◆ ACTIVITY: Drop every picture. Then return, exactly, the lines from the beginning of the listing below through the one containing "今日沪深两市主力资金开盘净流".

◆ GIVEN ENTRIES:
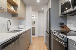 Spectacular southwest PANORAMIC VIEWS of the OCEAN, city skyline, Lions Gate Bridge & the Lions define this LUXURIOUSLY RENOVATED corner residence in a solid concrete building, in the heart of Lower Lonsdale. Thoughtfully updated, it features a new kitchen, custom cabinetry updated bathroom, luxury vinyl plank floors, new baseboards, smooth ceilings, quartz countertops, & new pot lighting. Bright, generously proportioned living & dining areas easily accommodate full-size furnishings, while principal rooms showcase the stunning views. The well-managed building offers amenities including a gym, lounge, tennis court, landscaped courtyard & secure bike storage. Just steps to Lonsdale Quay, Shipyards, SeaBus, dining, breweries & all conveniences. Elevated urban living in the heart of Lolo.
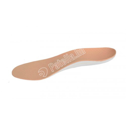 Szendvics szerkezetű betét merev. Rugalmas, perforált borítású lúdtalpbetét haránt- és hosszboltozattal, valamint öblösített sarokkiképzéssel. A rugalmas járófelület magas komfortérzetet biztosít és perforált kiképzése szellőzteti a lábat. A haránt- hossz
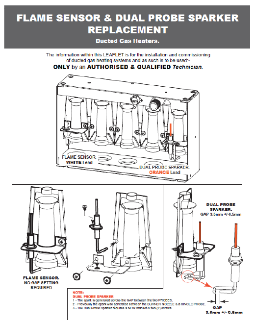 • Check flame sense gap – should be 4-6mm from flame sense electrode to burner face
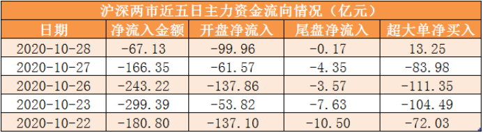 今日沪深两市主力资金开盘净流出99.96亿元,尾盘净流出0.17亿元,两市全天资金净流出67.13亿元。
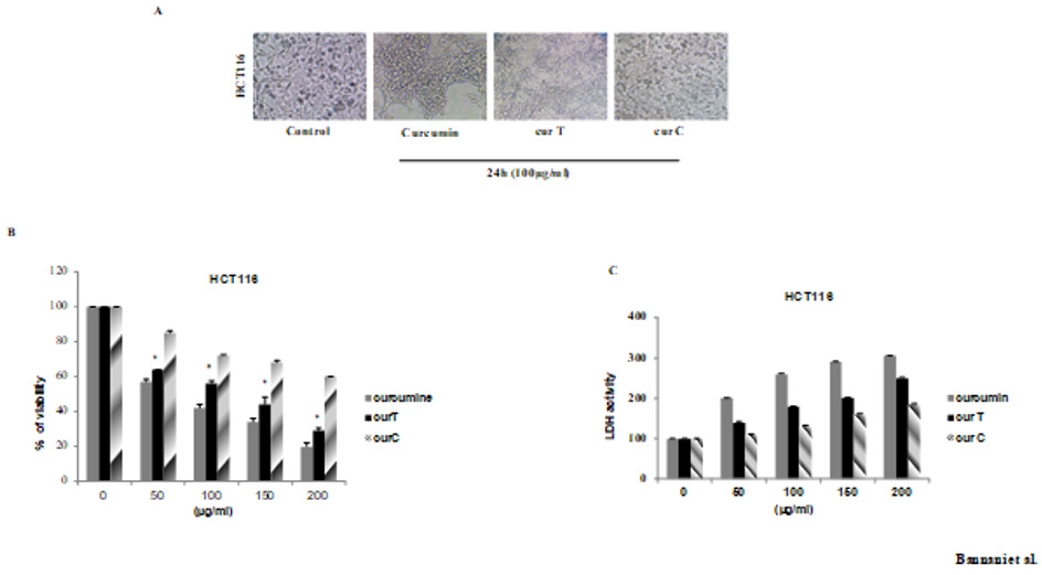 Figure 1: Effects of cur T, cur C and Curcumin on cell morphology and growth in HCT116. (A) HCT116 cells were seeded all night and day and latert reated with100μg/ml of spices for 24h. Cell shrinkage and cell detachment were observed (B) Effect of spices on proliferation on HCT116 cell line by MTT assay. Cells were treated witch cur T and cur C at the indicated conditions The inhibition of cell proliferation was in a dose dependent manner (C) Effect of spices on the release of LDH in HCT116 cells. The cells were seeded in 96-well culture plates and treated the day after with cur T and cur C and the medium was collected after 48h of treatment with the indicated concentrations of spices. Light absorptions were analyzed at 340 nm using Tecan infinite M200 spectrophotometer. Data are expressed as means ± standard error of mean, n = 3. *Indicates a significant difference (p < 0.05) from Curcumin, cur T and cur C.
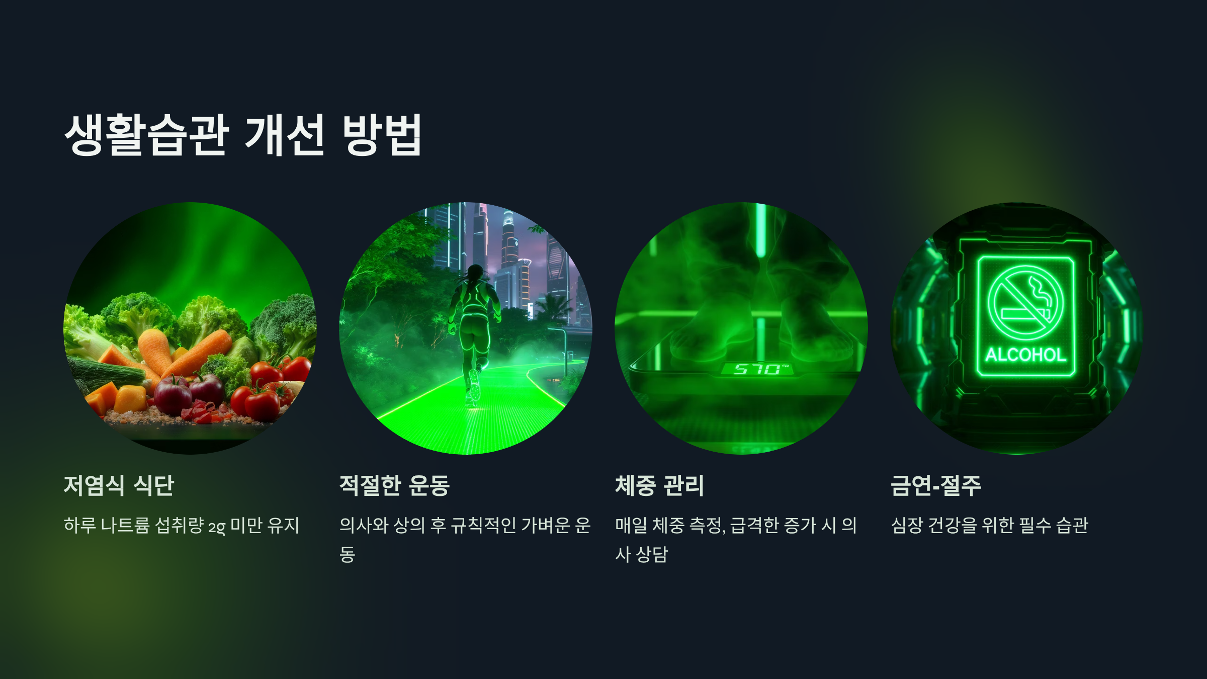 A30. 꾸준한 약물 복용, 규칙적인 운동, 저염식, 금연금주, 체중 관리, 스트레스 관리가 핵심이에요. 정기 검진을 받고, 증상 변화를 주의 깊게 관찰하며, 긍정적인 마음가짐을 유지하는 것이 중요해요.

◆ RESPONSE TO THIS EXERCISE:
 Spectacular southwest PANORAMIC VIEWS of the OCEAN, city skyline, Lions Gate Bridge & the Lions define this LUXURIOUSLY RENOVATED corner residence in a solid concrete building, in the heart of Lower Lonsdale. Thoughtfully updated, it features a new kitchen, custom cabinetry updated bathroom, luxury vinyl plank floors, new baseboards, smooth ceilings, quartz countertops, & new pot lighting. Bright, generously proportioned living & dining areas easily accommodate full-size furnishings, while principal rooms showcase the stunning views. The well-managed building offers amenities including a gym, lounge, tennis court, landscaped courtyard & secure bike storage. Just steps to Lonsdale Quay, Shipyards, SeaBus, dining, breweries & all conveniences. Elevated urban living in the heart of Lolo.
 Szendvics szerkezetű betét merev. Rugalmas, perforált borítású lúdtalpbetét haránt- és hosszboltozattal, valamint öblösített sarokkiképzéssel. A rugalmas járófelület magas komfortérzetet biztosít és perforált kiképzése szellőzteti a lábat. A haránt- hossz
 • Check flame sense gap – should be 4-6mm from flame sense electrode to burner face
 今日沪深两市主力资金开盘净流出99.96亿元,尾盘净流出0.17亿元,两市全天资金净流出67.13亿元。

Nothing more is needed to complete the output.